I printed a document with all the supplied fonts, including all characters of latin and greek alphabets. The result is that "ς" (Greek Small Letter Final Sigma U+03C2) does not appear on Courier font only (needs the change of sigma1
to uni03C2
). Despite Courier having the full greek character set; the others made obvious substitutions for greek letters they missed. So it seems to be a font problem only, not a general Wordperfect or Ghostscript one.
@krackout - Did you try my updated .all file?
@emendelson - Yes, I have. I actually had tried it as soon as you posted it. But since you mentioned that it doesn't affect printing at all, I didn't expect anything to change.
@krackout - the .all file ONLY affects printing (and print preview) - if I said anything else, I certainly didn't mean to do so.
After installing the .all file in /opt/wp80/shlib10
, it's necessary to use Shift-F7, Select, Update; the information message that appears will include the date 27 November 2022 at the end.
@emendelson - Sorry, missed that step. After updating, "ς" appears in Courier also now. Better fallback also on missing greek characters, for the other fonts.
@krackout - Thank you for confirming!
Actually, to clarify: the .all file also affects formatting (line breaks etc.) because the printer driver that you select includes font information that WP uses when determining the width of words and letters. So that means that when you change printer drivers, the formatting of the document may also change. This generally won't affect text in monospace fonts like Courier (but it could - if different printer drivers use different line heights for their version of Courier), but it may affect text in proportional fonts.

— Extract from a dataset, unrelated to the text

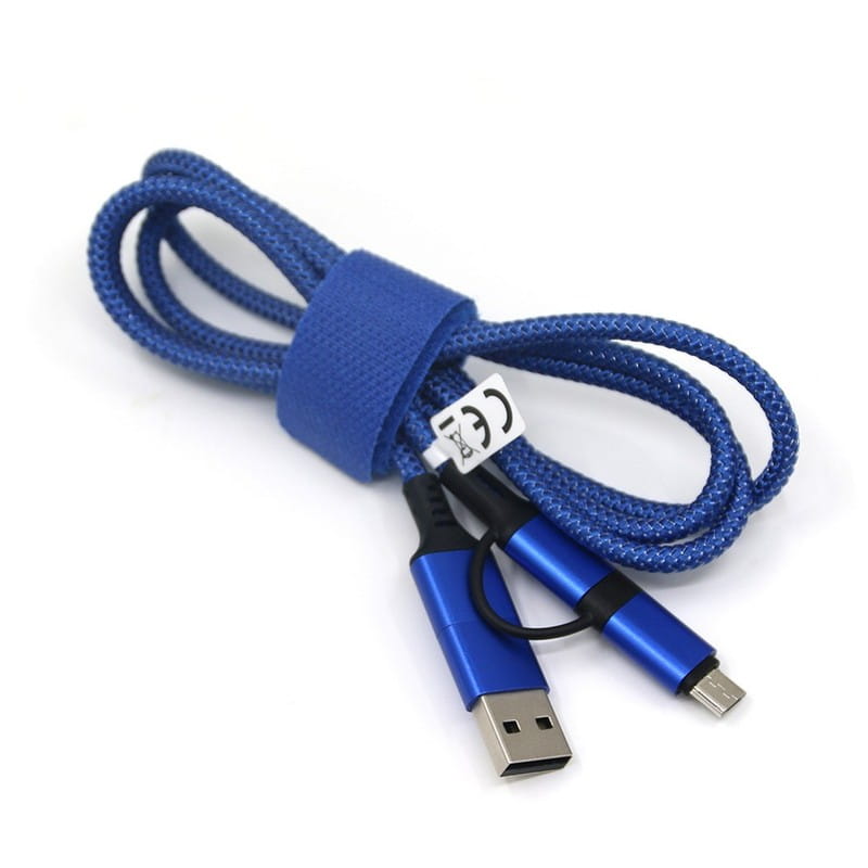 Kabel do ładowania i synchronizacji, ABS, nylon, 120 x 35 x 25 mm, końcówki USB, 2 x USB typ C, micro USB, rzep mocujący z miejscem na znakowanie, znakowanie - nadruk, ciekawy gadżet reklamowy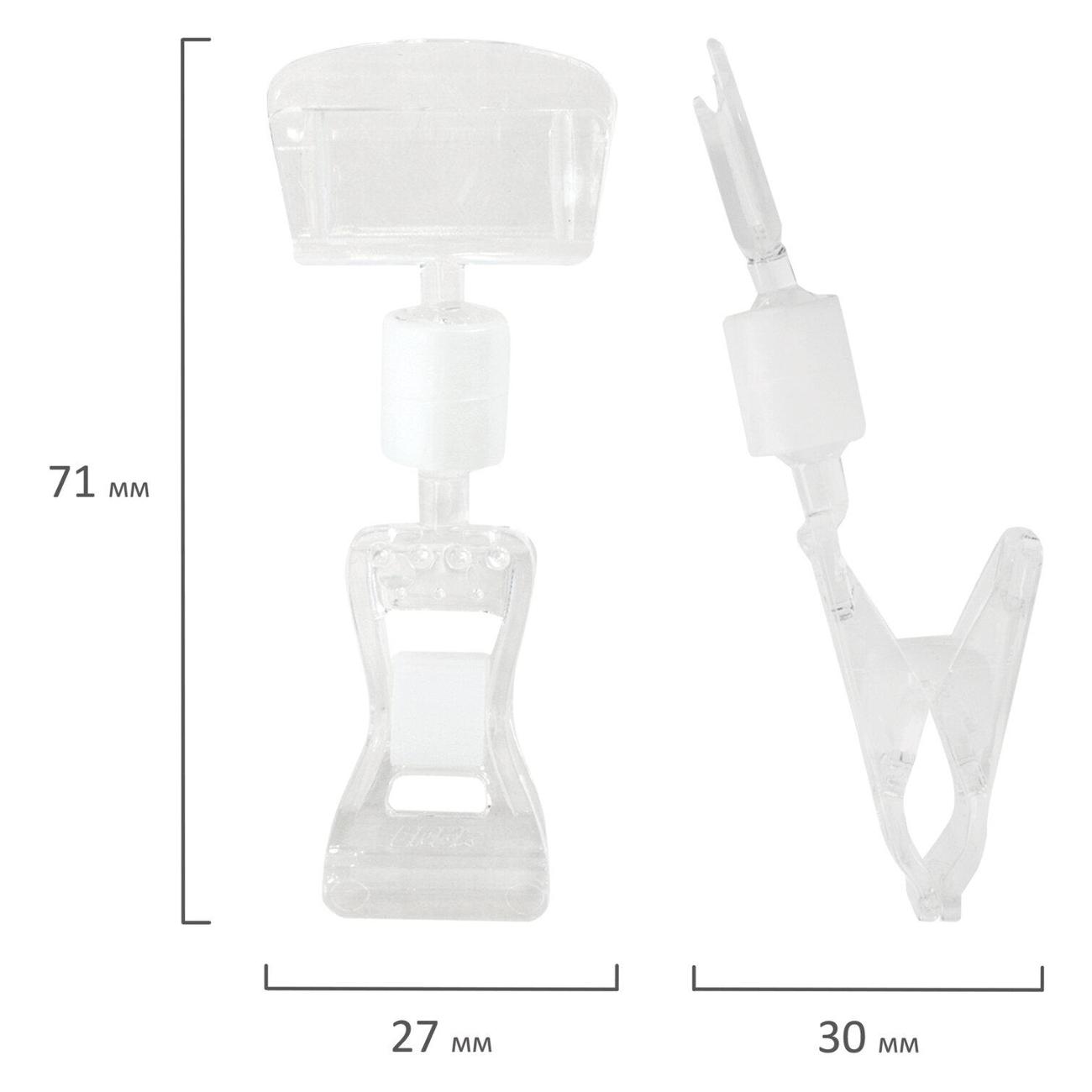 Держатели-прищепки изготовлены из поликарбоната. Он прочный, легкий, оптически прозрачный, пластичный, морозостойкий и очень долговечный. Держатель-прищепка имеет размеры 71х27х30 мм. Максимальная толщина вставки составляет 3 мм. 10 штук в комплекте.

I think I've fixed this in the latest commit, but the code is complicated and I'm not 100% sure I've got it right - I'm going to use it for a bit to make sure everything is working, and then I'll make a new release.
Sorry this took so long to get to!
Alright, it seems to be working okay for me - I made a new release!
https://github.com/taviso/wpunix/releases/tag/v0.12
Let's call this fixed for now, but please re-open or open a new issue for any problems or if it doesn't work properly!
Could we reopen this? There turns out to be one more mistaken character left over from a bad commit in libwpd many years ago. WP character 8,65 got changed to 1fe5
but it should be 03f1
. I've been working on patching libwpd to restore the correct characters (and have added details to my ticket about this), and I'm fairly sure this this is the one character that is wrong in the current set.
The screen shot below shows the wrong character on the editing screen on the left, and the correct character on the right, which is a screen shot of WP's print preview of the same file. Again, the print preview screen shot on the right gets it right, the editing screen on the left gets it wrong. And WP character 8,65 should be 0x03f1
.
Apologies for not sorting this out the first time we talked about this.
Contrary to an issue regarding cyrillic, greek characters can be typed, and shown on console, on preview (sixel) and on print (ghostscript). All but two characters, "Α" (Greek Capital Letter Alpha U+0391) and "ς" (Greek Small Letter Final Sigma U+03C2) .
By the way, amazed by your research and work on 1-2-3, UNIX & MS-DOS and WP!